══ Data shown ══

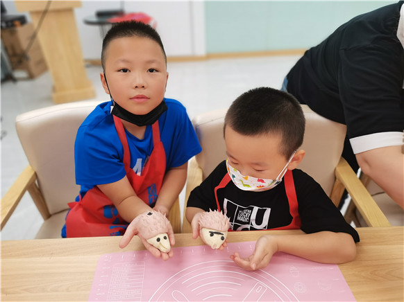 當(dāng)老師拿出準(zhǔn)備好的面團(tuán)的一剎那,孩子們歡呼雀躍,迫不及待的跟著老師學(xué)做起來(lái),制作過(guò)程每個(gè)孩子都專注打造自己手中的面團(tuán),從如何揉面,如何打造造型,如何用剪刀打造刺猬一身的刺,孩子們都在精心的雕琢著!不一會(huì)一個(gè)個(gè)生動(dòng)活潑的小刺猬呈現(xiàn)出來(lái)。在蒸制的同時(shí),老師又給大家分發(fā)面團(tuán)進(jìn)入diy環(huán)節(jié),孩子們?cè)诶蠋煹闹笇?dǎo)下腦洞打開(kāi),各種小動(dòng)物,魔術(shù)帽、花朵、甜甜圈,外星人等各種造型,不得不讓老師稱贊孩子們的創(chuàng)意。
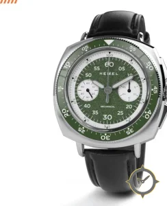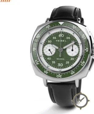 A Chronograph watch with a versatile 41mm case, that suits most wrists, crafted from stainless steel featuring a green dial with a unique textured/grainy (sandpaper-like) finish.
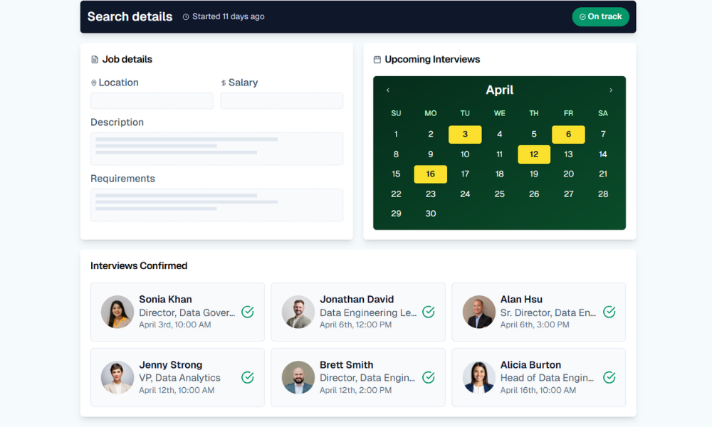With decades of recruitment experience, we know what it takes to run a successful search. From refining role requirements to coordinating interviews and managing offers, we handle the details that keep your hiring process moving. You get full visibility at every stage so hiring aligns with your data strategy.
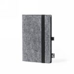 Notatnik A5 (100 pustych kartek), okładka wykonana z filcu RPET, tasiemka zakładkowa i elastyczna opaska do zamykania
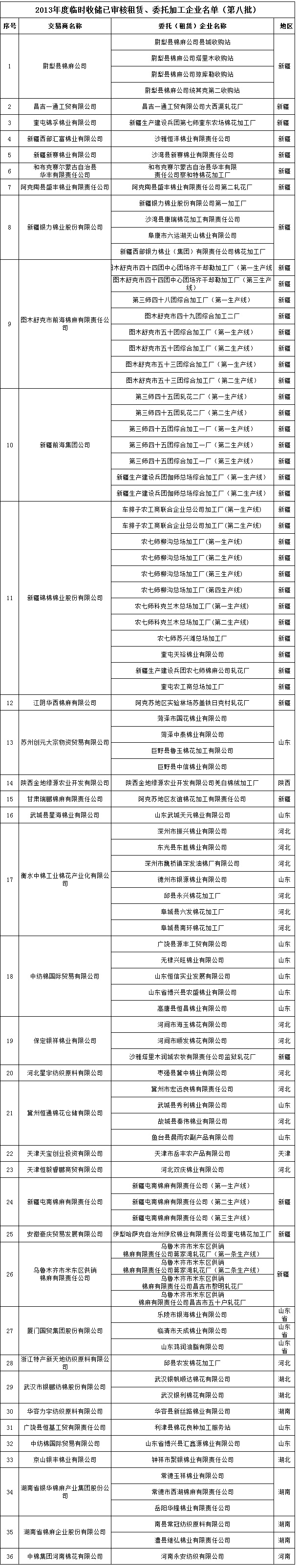 2013年度棉花臨時收儲已審核租賃、委托加工企業(yè)名單(第八批)
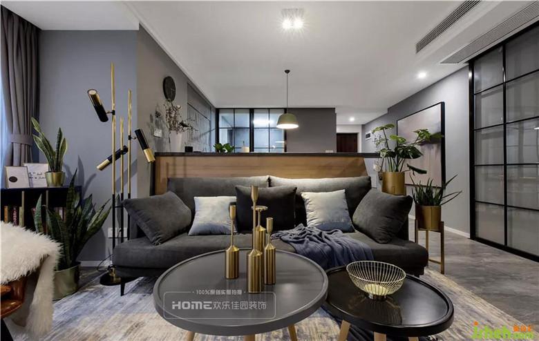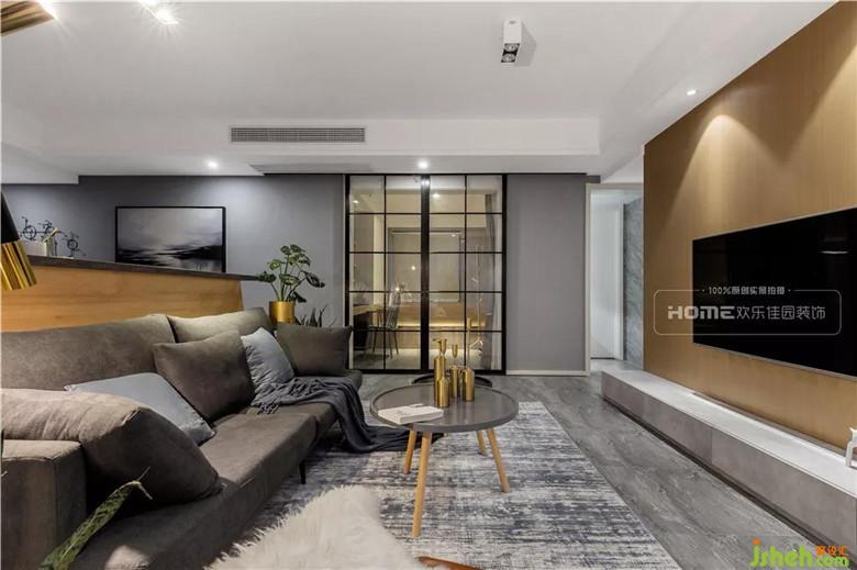 整體空間以灰色為主色調(diào),局部原木色相映襯,加之金屬質(zhì)感軟裝進(jìn)行渲染,不單一不復(fù)雜。電視背景墻設(shè)計成實木墻板,木質(zhì)的溫度與質(zhì)感,更好的起到柔化空間氛圍的作用,提升整體家居的檔次。
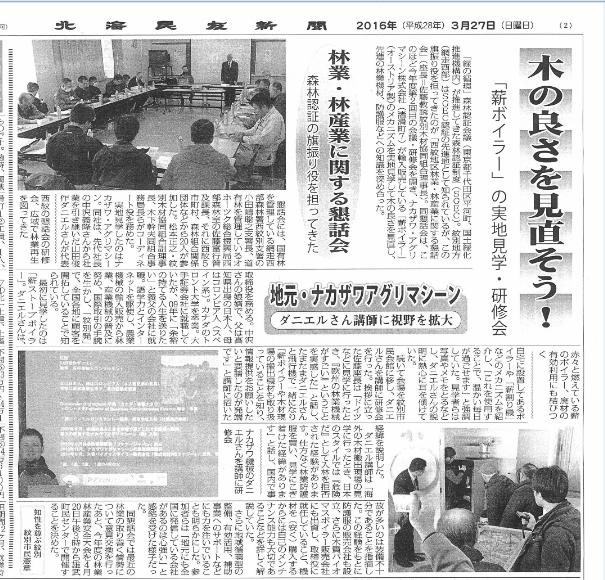 民友新聞掲載 2016/03/31 09:57 新着News 先日、紋別で行われた西紋地区林業・林産業に関する研修会、 懇親会の様子が地元の新聞に掲載されました。 « 一覧へ戻る » PICK UPおすすめの記事 トラクター駆動の穀物乾燥機 AGREX社 2018/02/13 17:01 新着News Fendt 939 Varioを輸入代行しました。 2024/04/05 19:55 新着News 岩手県Musmax9XL納品 2021/05/26 15:40 新着News

═══

Required work:
I'd like every record above written out again exactly, without the pictures.

Answer:
 當(dāng)老師拿出準(zhǔn)備好的面團(tuán)的一剎那,孩子們歡呼雀躍,迫不及待的跟著老師學(xué)做起來(lái),制作過(guò)程每個(gè)孩子都專注打造自己手中的面團(tuán),從如何揉面,如何打造造型,如何用剪刀打造刺猬一身的刺,孩子們都在精心的雕琢著!不一會(huì)一個(gè)個(gè)生動(dòng)活潑的小刺猬呈現(xiàn)出來(lái)。在蒸制的同時(shí),老師又給大家分發(fā)面團(tuán)進(jìn)入diy環(huán)節(jié),孩子們?cè)诶蠋煹闹笇?dǎo)下腦洞打開(kāi),各種小動(dòng)物,魔術(shù)帽、花朵、甜甜圈,外星人等各種造型,不得不讓老師稱贊孩子們的創(chuàng)意。
 A Chronograph watch with a versatile 41mm case, that suits most wrists, crafted from stainless steel featuring a green dial with a unique textured/grainy (sandpaper-like) finish.
With decades of recruitment experience, we know what it takes to run a successful search. From refining role requirements to coordinating interviews and managing offers, we handle the details that keep your hiring process moving. You get full visibility at every stage so hiring aligns with your data strategy.
 Notatnik A5 (100 pustych kartek), okładka wykonana z filcu RPET, tasiemka zakładkowa i elastyczna opaska do zamykania
 2013年度棉花臨時收儲已審核租賃、委托加工企業(yè)名單(第八批)
 整體空間以灰色為主色調(diào),局部原木色相映襯,加之金屬質(zhì)感軟裝進(jìn)行渲染,不單一不復(fù)雜。電視背景墻設(shè)計成實木墻板,木質(zhì)的溫度與質(zhì)感,更好的起到柔化空間氛圍的作用,提升整體家居的檔次。
 民友新聞掲載 2016/03/31 09:57 新着News 先日、紋別で行われた西紋地区林業・林産業に関する研修会、 懇親会の様子が地元の新聞に掲載されました。 « 一覧へ戻る » PICK UPおすすめの記事 トラクター駆動の穀物乾燥機 AGREX社 2018/02/13 17:01 新着News Fendt 939 Varioを輸入代行しました。 2024/04/05 19:55 新着News 岩手県Musmax9XL納品 2021/05/26 15:40 新着News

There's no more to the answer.